__Your assignment__: Beginning at the line that contains "Découvrez une méthode", reproduce the entries below exactly, ending with the line that contains "Descubre la elegancia". Omit each picture.

__Provided records__:
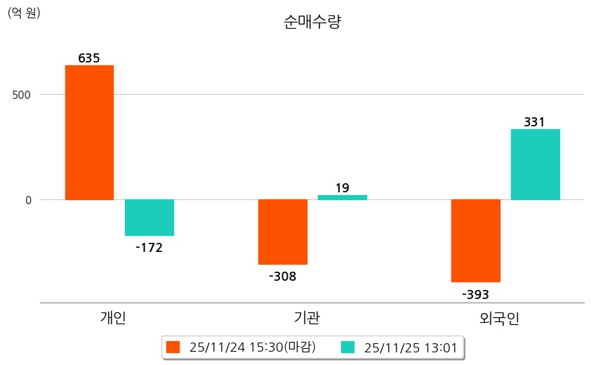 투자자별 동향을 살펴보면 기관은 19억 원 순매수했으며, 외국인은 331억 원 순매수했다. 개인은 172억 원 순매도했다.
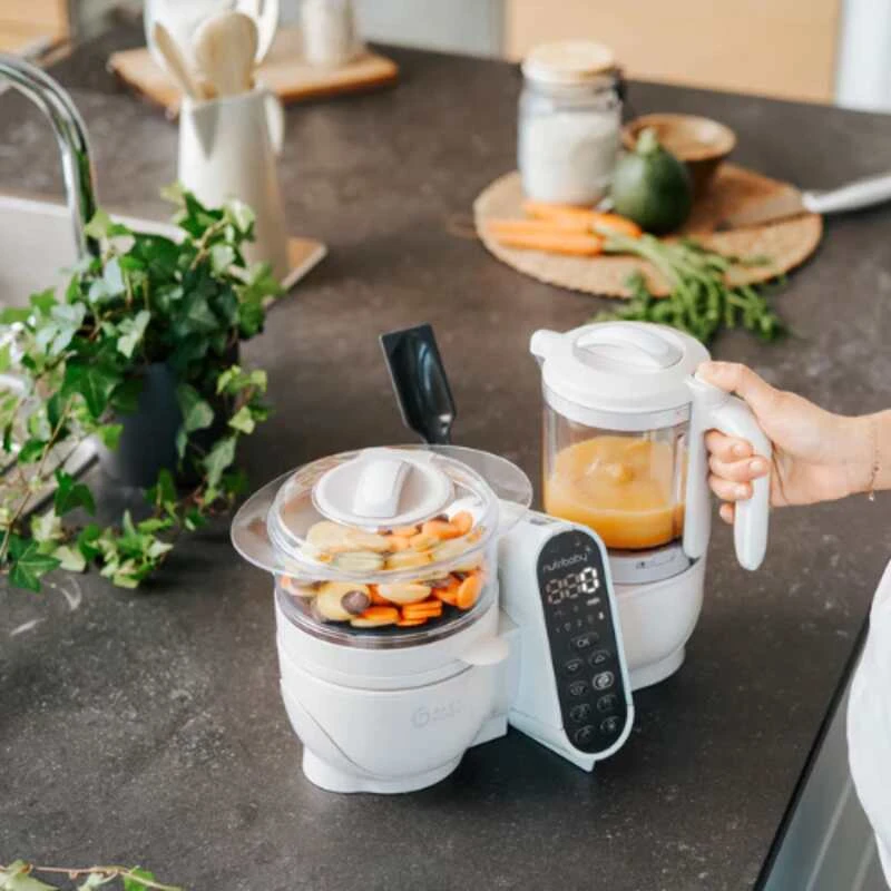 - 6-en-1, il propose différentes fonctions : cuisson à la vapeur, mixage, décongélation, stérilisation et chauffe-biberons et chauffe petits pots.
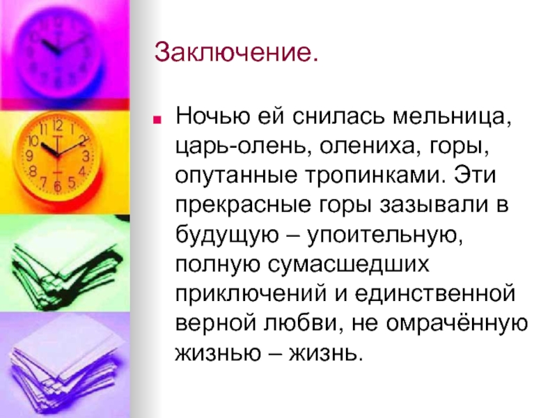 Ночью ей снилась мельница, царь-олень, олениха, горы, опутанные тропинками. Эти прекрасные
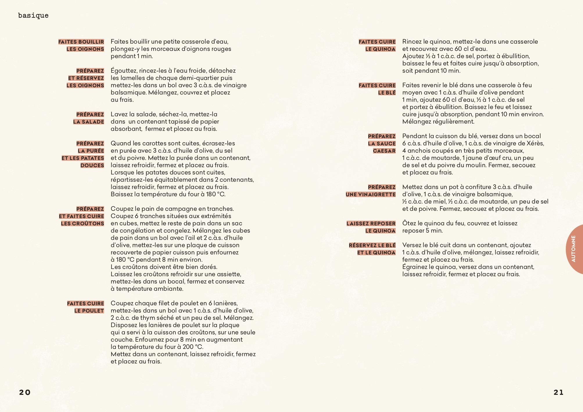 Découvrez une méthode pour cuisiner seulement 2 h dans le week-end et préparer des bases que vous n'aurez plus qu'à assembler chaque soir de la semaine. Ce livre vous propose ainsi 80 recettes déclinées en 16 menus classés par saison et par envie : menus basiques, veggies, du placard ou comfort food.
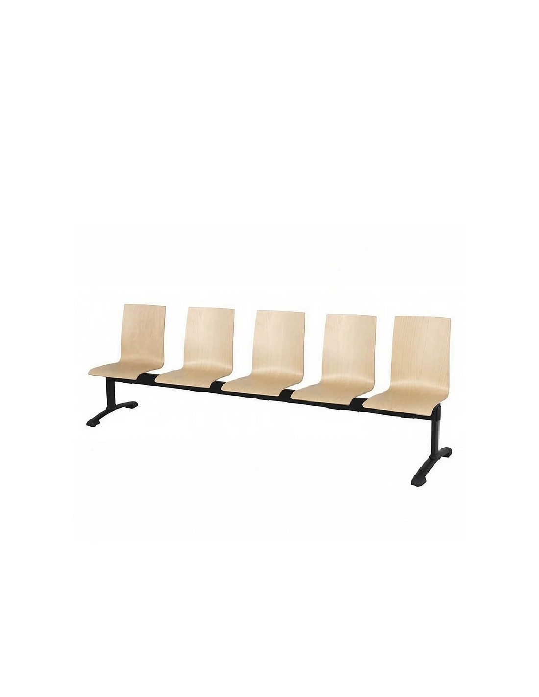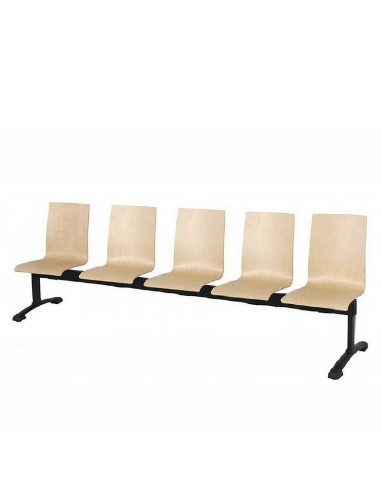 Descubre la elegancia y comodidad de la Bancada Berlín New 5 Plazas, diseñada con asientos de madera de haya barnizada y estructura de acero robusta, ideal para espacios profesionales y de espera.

--

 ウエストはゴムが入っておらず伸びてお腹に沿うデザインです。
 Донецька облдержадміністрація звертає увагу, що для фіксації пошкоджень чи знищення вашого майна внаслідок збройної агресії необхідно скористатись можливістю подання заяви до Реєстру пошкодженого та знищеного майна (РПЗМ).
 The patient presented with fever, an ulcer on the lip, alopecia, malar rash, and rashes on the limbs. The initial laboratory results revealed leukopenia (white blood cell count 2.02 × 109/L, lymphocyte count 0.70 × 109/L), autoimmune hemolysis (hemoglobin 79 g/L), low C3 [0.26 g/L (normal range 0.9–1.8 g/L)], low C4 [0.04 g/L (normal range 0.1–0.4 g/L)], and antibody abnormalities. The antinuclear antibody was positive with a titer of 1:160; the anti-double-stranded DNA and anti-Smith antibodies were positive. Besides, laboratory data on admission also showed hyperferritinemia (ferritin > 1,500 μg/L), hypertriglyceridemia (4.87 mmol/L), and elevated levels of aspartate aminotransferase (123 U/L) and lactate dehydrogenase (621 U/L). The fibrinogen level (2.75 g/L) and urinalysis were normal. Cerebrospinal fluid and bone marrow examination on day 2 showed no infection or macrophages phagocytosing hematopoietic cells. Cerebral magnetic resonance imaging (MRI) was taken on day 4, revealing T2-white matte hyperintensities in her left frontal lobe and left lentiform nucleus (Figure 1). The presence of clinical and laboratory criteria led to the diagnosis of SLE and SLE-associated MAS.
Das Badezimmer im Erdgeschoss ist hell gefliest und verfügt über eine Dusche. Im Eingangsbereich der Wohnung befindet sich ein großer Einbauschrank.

__Answer space__:
 Découvrez une méthode pour cuisiner seulement 2 h dans le week-end et préparer des bases que vous n'aurez plus qu'à assembler chaque soir de la semaine. Ce livre vous propose ainsi 80 recettes déclinées en 16 menus classés par saison et par envie : menus basiques, veggies, du placard ou comfort food.
 Descubre la elegancia y comodidad de la Bancada Berlín New 5 Plazas, diseñada con asientos de madera de haya barnizada y estructura de acero robusta, ideal para espacios profesionales y de espera.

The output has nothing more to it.